Since the release of “Concrete and Mud,” he’s gotten greater traction than ever before. He’s playing in front of more people, winning over more fans and enjoying the fruits of a foundation laid in early recovery. His schedule doesn’t allow him to make as many meetings as he once did, but the thing about recovery, he learned early on, is that it’s a parachute that’s always packed and on his back, should he need to pull the ripcord.

“It’s there for me, and I know it’s there for me if I get in a bind,” he says. “I live by a certain set of principles now, and even though I’m not perfect, I got sober to get a life. I used to always tell people that in sobriety, life in general is going to get better, and then it’s going to suck, and then it’s going to get better, and then it’s going to suck! There’s going to be (bad) stuff that happens and really good stuff that happens, and you just kind of get to feel it.
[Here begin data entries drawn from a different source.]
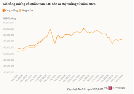 Bước sang phiên đầu tuần mới ngày 30/3, thị trường nhanh chóng cho thấy sự mong manh của đà phục hồi. Giá vàng giao ngay có thời điểm giảm gần 70 USD, tương đương 1,2%, xuống dưới 4.430 USD/ounce, sau đó lại bật lên vượt 4.500 USD/ounce. Trong nước, vàng SJC và vàng nhẫn vẫn ở quanh ngưỡng 170-173 triệu đồng/lượng.
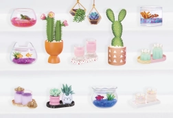 Objavte svet miniatúr s MGA's Mini Verse Make It Mini Lifestyle! Každá guľa skrýva prekvapenie a dodá vám všetko potrebné na vytvorenie realistických mini dekorácií – od mini akvárií s rybičkami po mini kaktusy so sáčkami zeminy. Po zostavení stačí nechať vytvrdnúť na UV svetle a máte hotový zberateľský kúsok na vystavenie.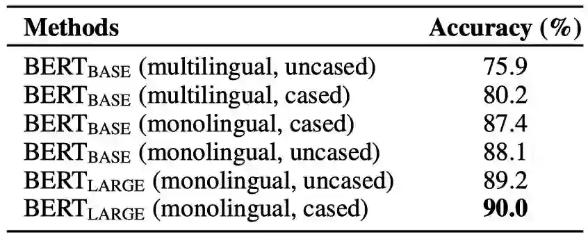 本工作中我们采用了谷歌公布的预训练好的BERT模型。由于存在多个不同版本(单语还是多语,是否进行lower case处理)的BERT模型,我们首先进行了初步的实验。结果如表2所示:(monolingual, uncased)版本的BERT_base模型取得了88.1%的准确率,(monolingual, cased)版本的BERT_large模型取得了90.0%的准确率。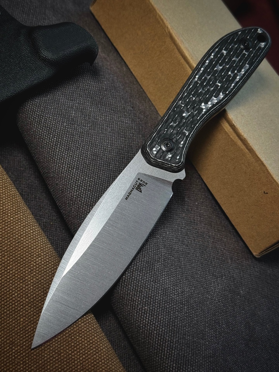 Клинок выполнен из стали MagnaCut, а на рукояти карбон.

“Obviously, I’m around it a lot, but it just doesn’t work for me, man. I want people to just think of me as a normal person — I just don’t drink. I don’t do cocaine casually. I mean, I don’t want to impose my will on anybody else, because I loved drugs! If I could do them and have a normal life, I would in a heartbeat — but I can’t. I’m just not wired that way. I don’t know the science behind it, and I don’t care to know the science behind it. I just know that I can’t do it, and I know I’m a lot happier this way.”